While acknowledging that exports to Turkey and Britain accounted for about half the decline in exports in the first four months of 2016, he said the decline was better analyzed by industry than by destination.
From that perspective, Naveh said, 80% of the decline came from lower exports in pharmaceuticals, electronic components and chemicals. The three have an outsized impact on Israel’s overall exports because together they account for nearly half of Israel’s exports, he said.
Chemicals exports, most of which are generated by Israel Chemicals’ agrochemicals sales, have fallen in the wake of declining prices for farm products. Exports of electronic components came mainly from Intel’s Israel subsidiary, which has reduced output at its giant plant in Kiryat Gat while it upgrades the facility.
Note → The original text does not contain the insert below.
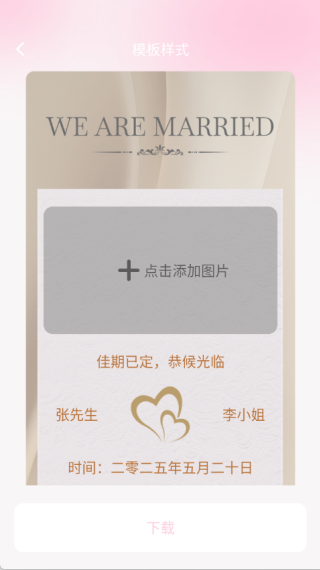 5、在模板样式中点击添加图片进行添加你们的婚纱照,然后进行修改文字中的内容,最后点击下载即可保存在手机中。

Pharmaceutical exports, which come mainly from Teva Pharmaceuticals, the world’s largest maker of generic drugs, tend to be volatile and are down in a trough, the treasury said. It said that discounting those three categories, Israeli industrial exports have been flat so far this year, compared with a year earlier.
The report came a day after the Central Bureau of Statistics reported that merchandise exports were down 18.4% in the March-May period on an annualized basis. High-tech exports, which account for nearly half the total, were down at an even sharper 27.8% rate, it said, led by a 71% drop in electronic components.
The decline in exports, together with continued increases in imports, widened Israel’s trade deficit in the first five months of the year to 19.8 billion shekels ($5.1 billion), nearly three times the 7.3 billion deficit run up a year earlier. May alone saw a yawning deficit of 7.4 billion shekels.
Ofer Klein, chief economist of Harel Insurance & Finance, said declining exports were unlikely to have a pronounced effect on Israel’s economic growth and discounted warnings about a recession.
“Merchandise exports are in a bad state. We believe a significant change in direction will only come about in the middle of 2017, which is when Intel’s new factory begins exporting,” he wrote on Tuesday.
“Meantime, against the background of high tax collections, continued strong imports of consumer and capital goods, rapid wage increases and high levels of consumer confidence, it appears that second-quarter economic growth will be reasonable-plus,” Klein added.